Origin & Evolution of Languages

Nicholas Widdows nicholas.widdows at traceplc.co.uk
Tue Jun 8 12:45:55 UTC 1999


Dr John McLaughlin wrote:

> Your analogy of linguistic change being analogous to the slow accumulation
> of change in biological organisms is, I'm sorry to say, false to a certain
> extent.
[snip rest]

I labour to be brief, I become obscure. My previous posting was not at all
meant the way you took it, and I still can't see how you read all of it and
came away with the impression you did. With one exception, I agree 100% with
all the facts of linguistics and biology that you cite, and have vigorously
argued several times recently on this list that modern language evolved once
and has not become significantly different since.
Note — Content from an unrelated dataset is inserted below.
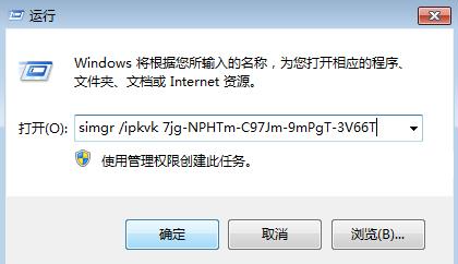2、復制粘到命令提示符(管理員)中,按一下粘貼:simgr /ipkvk 7jg-NPHTm-C97Jm-9mPgT-3V66T(此密鑰不行的話,就換另一個密鑰)。

My one exception is the meaning of the word "evolution". It's an English
word meaning "unfolding, unrolling, development". It's not a technical term
coined by biologists. Even in the biological context, it doesn't mean
speciation. It doesn't mean punctuation, catastrophe, large-scale change.
You're saying that it's used this way by linguists. Maybe it is by some, but
clearly others on this list don't use it that way: they use it to mean
"change, development". This is not to disagree about biological facts, it's
to disagree about semantics.

Assume for simplicity that modern language came from brain changes encoded
in DNA in an evolutionary event in Africa about 50 000 years ago, as you and
I believe. (Details not important.) That was a _biological_ event, and a
_biological_ change in language. It was part of human DNA evolution, not
part of language evolution. But once language came into existence, it too
began to change, and continues to change. This change is not biological. It
has no DNA counterpart, it probably has no great amount of natural
selection. (And of course it's not progressive.) But many of us call it
"evolution" because we use the word to refer to continuing change or
development.

Now it may be that we shouldn't do so, because many people think it must
refer to a biological process, and a few think it must refer to large
changes like speciation, and quite a few equate it with progress or increase
in complexity. I disagree with all these, but the etymology and historical
and technical uses of a word aren't enough to withstand popular
misapprehension. If it's now hopelessly ambiguous, so be it. We should
restrict the word to the biological event that began language change.

I don't mind so much the restriction to one sense, the best-known example of
evolution, as after all we can use synonyms like "development" for the rest.
But I'm pretty sure it's wrong in biology too (in the usage of most
biologists). Evolution of life is a gradual process with occasional
instances of speciation, perhaps some periods of stasis with only neutral
change, but evolution is always turned on, and means the whole process. So
even treating the word as either literally or metaphorically biological,
language is evolving right now, and has been from the start.

Thus ends my public vindication. More details in a private e-mail.